Масштабы каждой из частей цикла постепенно расширяются, что имеет особое значение для сонатного allegro. Впрочем, именно здесь процесс этот не развивается по прямой: в симфониях № 24, 25, 35, 36 тематический контраст выявлен отчетливо и ярко, тогда как в симфонии № 28 он незначителен. Различны масштабы и состав разработок, которые пока еще далеко не развиты. Хотя уже в симфонии № 11 разработка становится динамической (с нарастанием звучности), она весьма сжата в симфонии № 37. В финалах симфоний преобладают различные виды рондо, хотя в симфонии № 31 финалом служат вариации.

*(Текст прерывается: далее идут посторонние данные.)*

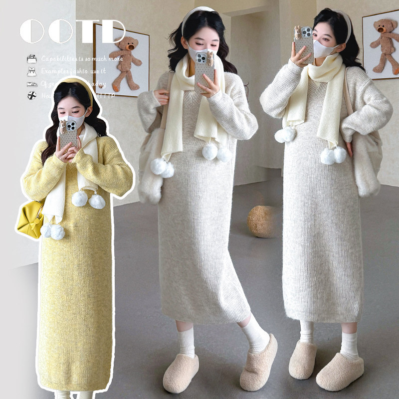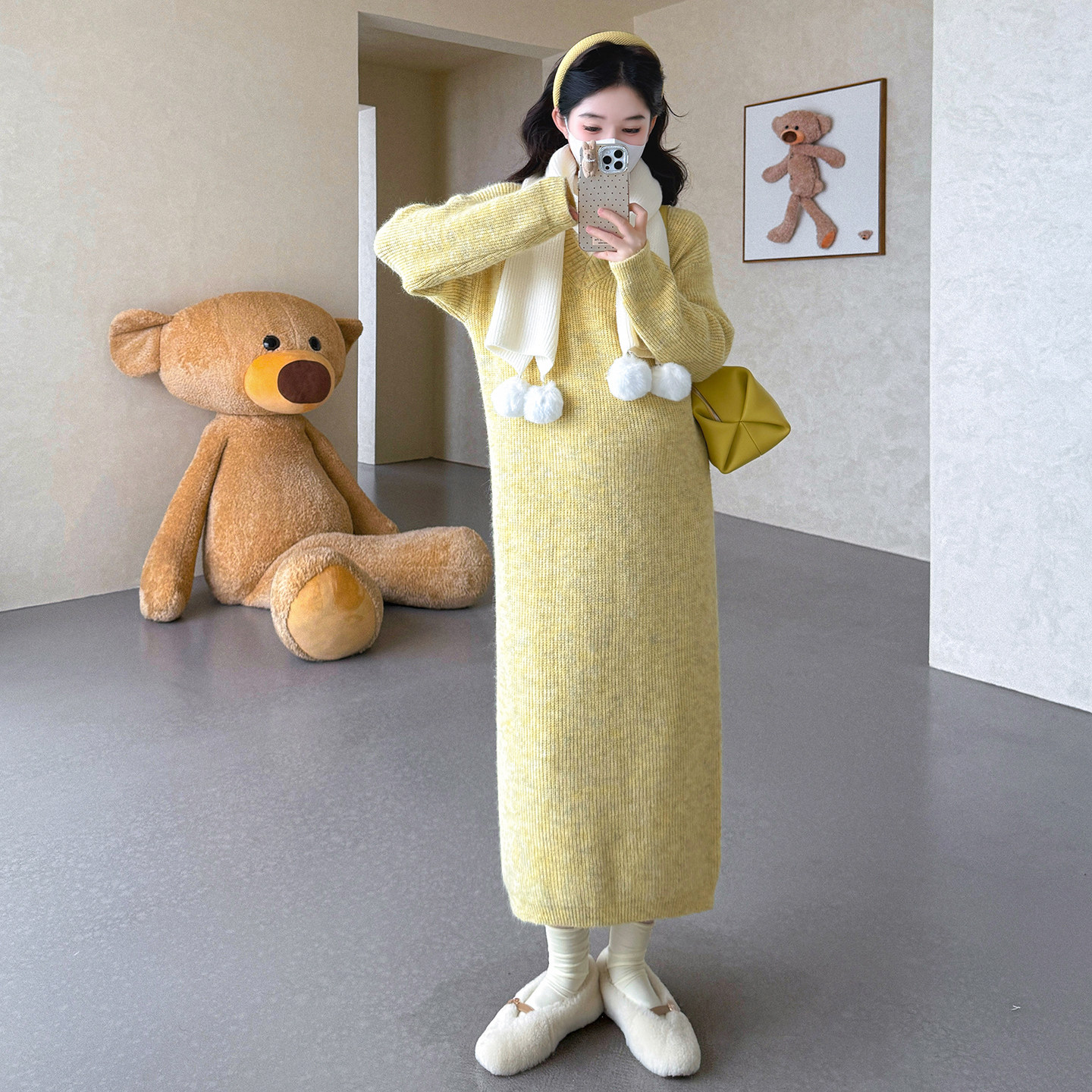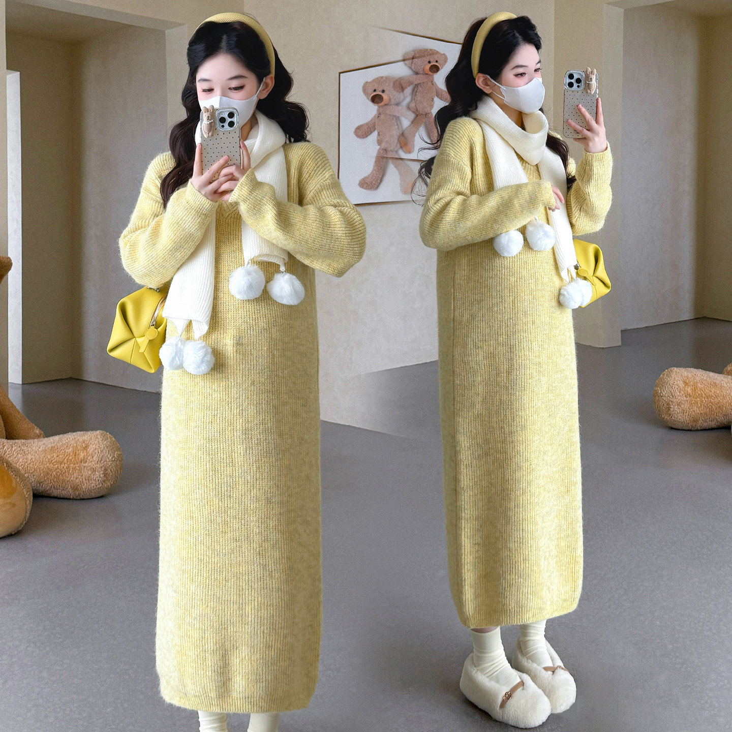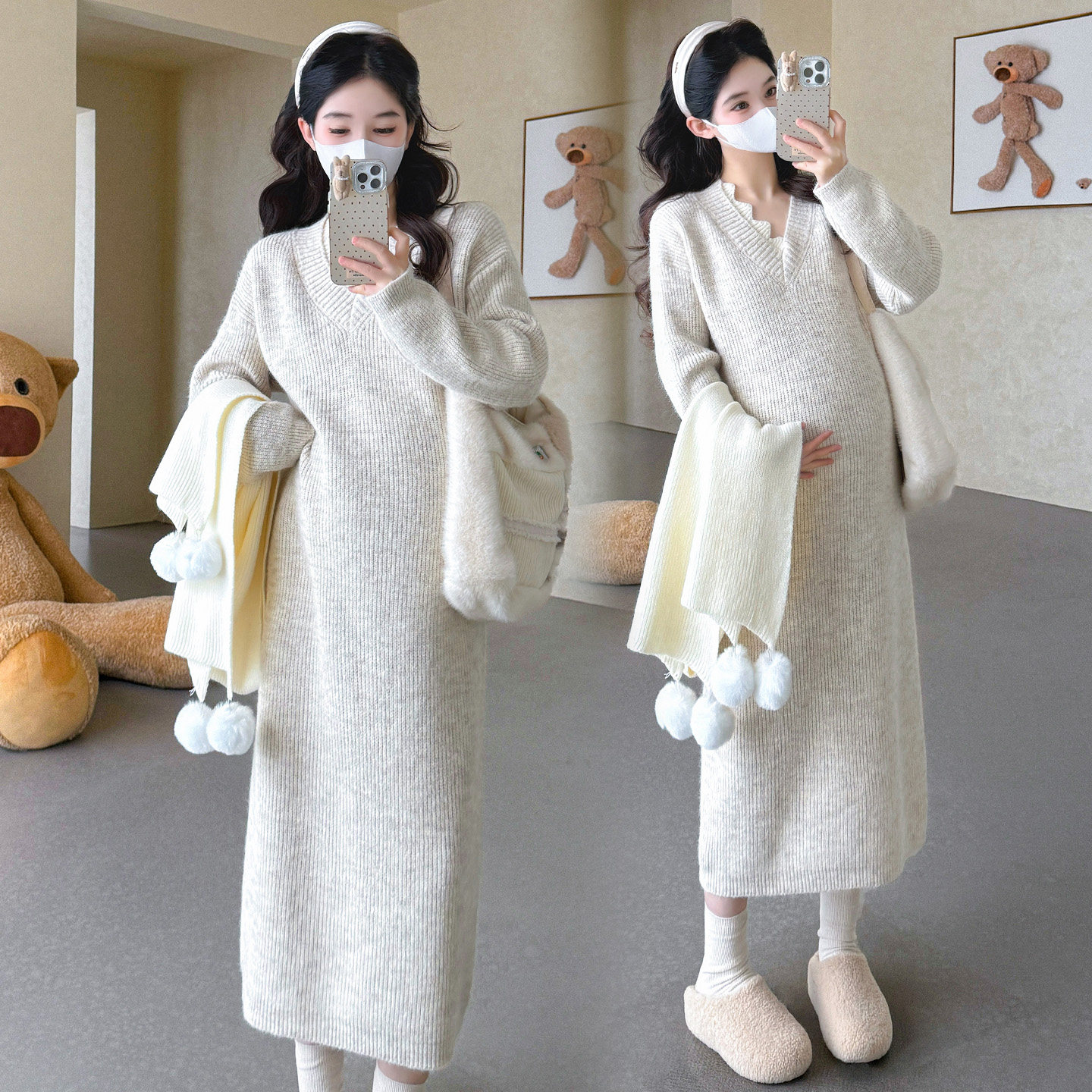 婧麒高级感孕妇装孕妇连衣裙冬装孕期新款孕妇裙子围巾洋气两件套

Эта большая симфония, кстати сказать, может служить примером характерного впоследствии для Гайдна включения колоритных жизненно-бытовых звучаний внутрь крупного инструментального произведения. Она не случайно получила название «С сигналом рога» или «На тяге»: в ней действительно
звучит (такты 9 — 15 первой части) сигнал охотничьего рога5, прорезающий экспозицию сонатного allegro. Ради этого в партитуру введены четыре валторны, которые широко использованы и во всех остальных трех частях симфонии. Оркестровые средства в этот период расширяются и углубляются в основном за счет активизации духовых инструментов. Уже в менуэте симфонии № 11 эмансипируются партии гобоев и валторн, в партитуру симфонии № 13 введены четыре валторны, а также и литавры, симфонии № 20 — трубы и литавры, симфонии № 22 — английские рожки.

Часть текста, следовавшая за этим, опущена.